Today marks the second day of my trip. I slept pretty well and wasn’t really suffering from too much jet lag. I did wakeup at about 2am for a brief period of time before going back to bed.

For breakfast I attempted to go to a few bakeries however it was too early and they didn’t have anything besides donuts available, so I went to Subway. First stop of the day was Krysuivik Geothermal Loop, about an hours drive away. Along the way I decided to stop by the side of the road to take some drone shots of the volcanic scenery around me to realize that my memory card had failed… but don’t worry I had a second one… sitting in my work laptop back at the hotel.
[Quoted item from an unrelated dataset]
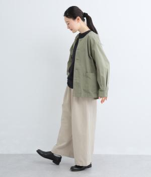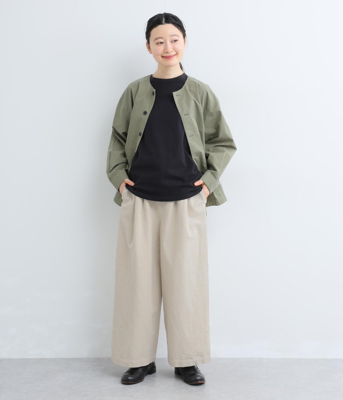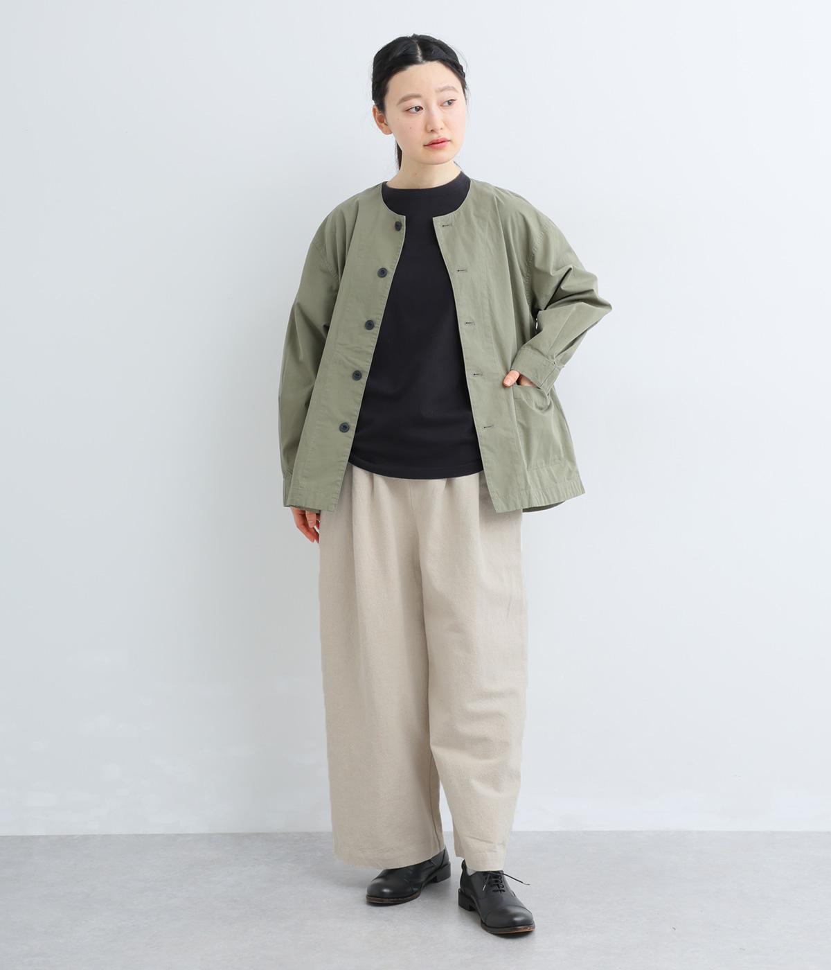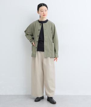 さらりとした質感が心地いいコットンリネン生地です。自然なシワ感の優しい風合いが魅力です。ほどよい厚みで、ハリがありながらもやわらかな肌ざわりの素材感です。

I drove all the way back to the hotel, picked up the second card and tried again. By now it was already nearly noon! In the distance on this drone shot you can see Fagradalsfjall Volcano’s smoke from it’s ongoing eruption. I’ll be hiking that later today.
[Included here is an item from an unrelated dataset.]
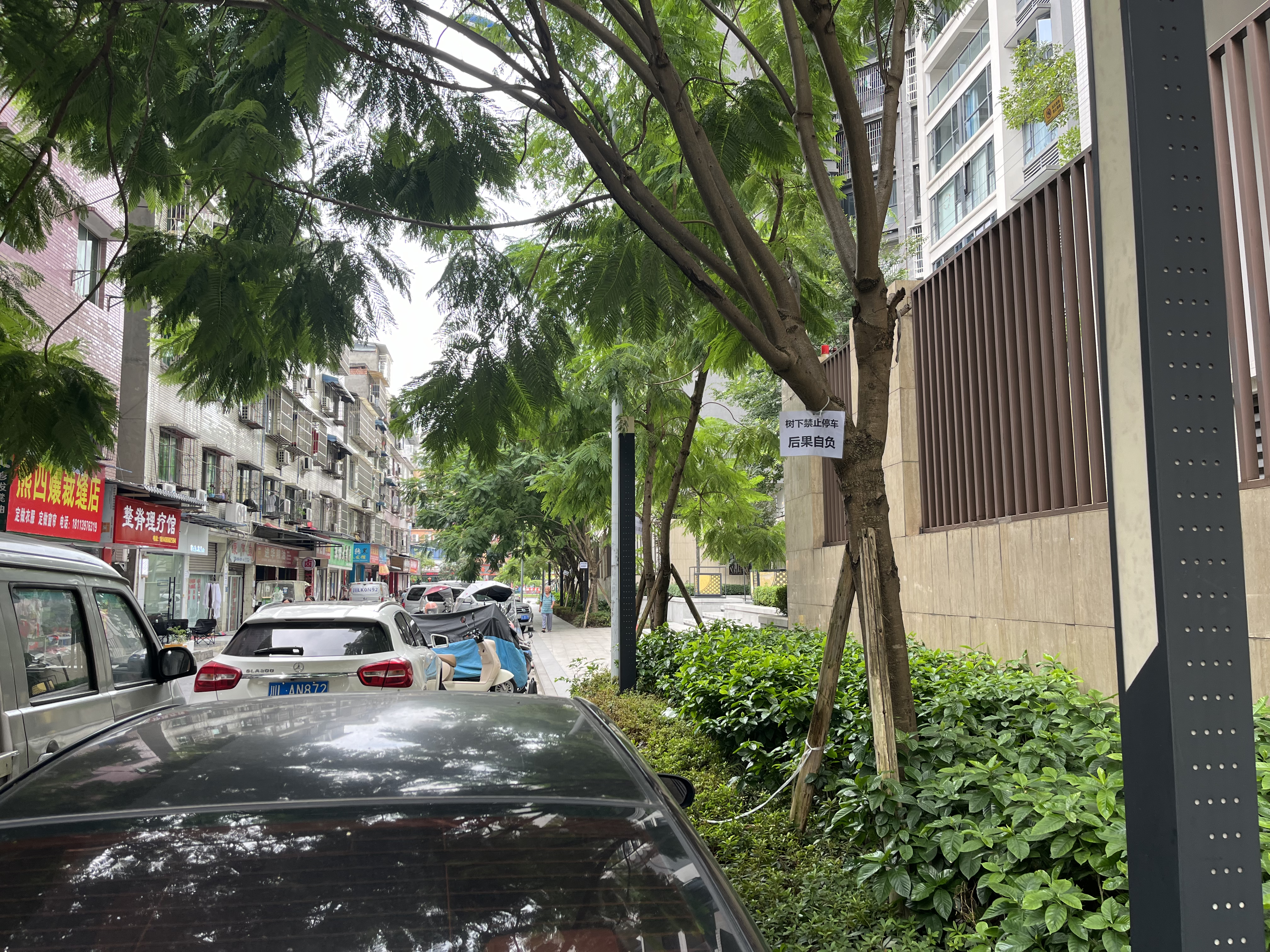 \n\t\t\t\t\t\t\t部分树上挂着“树下不容泊车,恶果温顺”的牌子。杜卓滨 摄\n\t\t\t\t\t\t\t

Krysuivik Geothermal Loop is a 7.7 kilometer loop in Southwest Iceland the features a lake, and a geothermally active area. It is situated above Seltun, a very colourful Geothermal area below that I had a chance to visit with my father in 2014 when we went to Iceland. The hike starts off right away up a fairly steep hill, gaining 314 metres. Make sure to look backwards so you can see Seltun.

After the large climb you slightly descend to Amarvatn Lake, a very colourful lake, which I suspect is a volcanic crater lake due to the way it looks, however I can’t mind much information on it. A volcanic crate lake is a lake in a crater that was formed from explosive activity or collapse during a volcanic eruption. Dad an I visited one such lake in 2014, called Kerið.

The trail continues around in a big loop, as you can see from above. It offers beautiful views of the mountainous area surrounding it. Along the way I came to the geothermal area, before continuing the loop around the lake.

After completing the hike it was time to grab some lunch. I remember from my 2014 trip with my dad that there was a restaurant called Papa’s that serves delicious pizza in the nearby town of Grindavik. I drove about half an hour to Papa’s, and wow it didn’t disappoint. I had a pizza called Papa’s Surprise, which consisted of pepperoni, ham, mushrooms, jalapenos, garlic, cream cheese, and black pepper. You could even see the volcano erupting from Grindavik!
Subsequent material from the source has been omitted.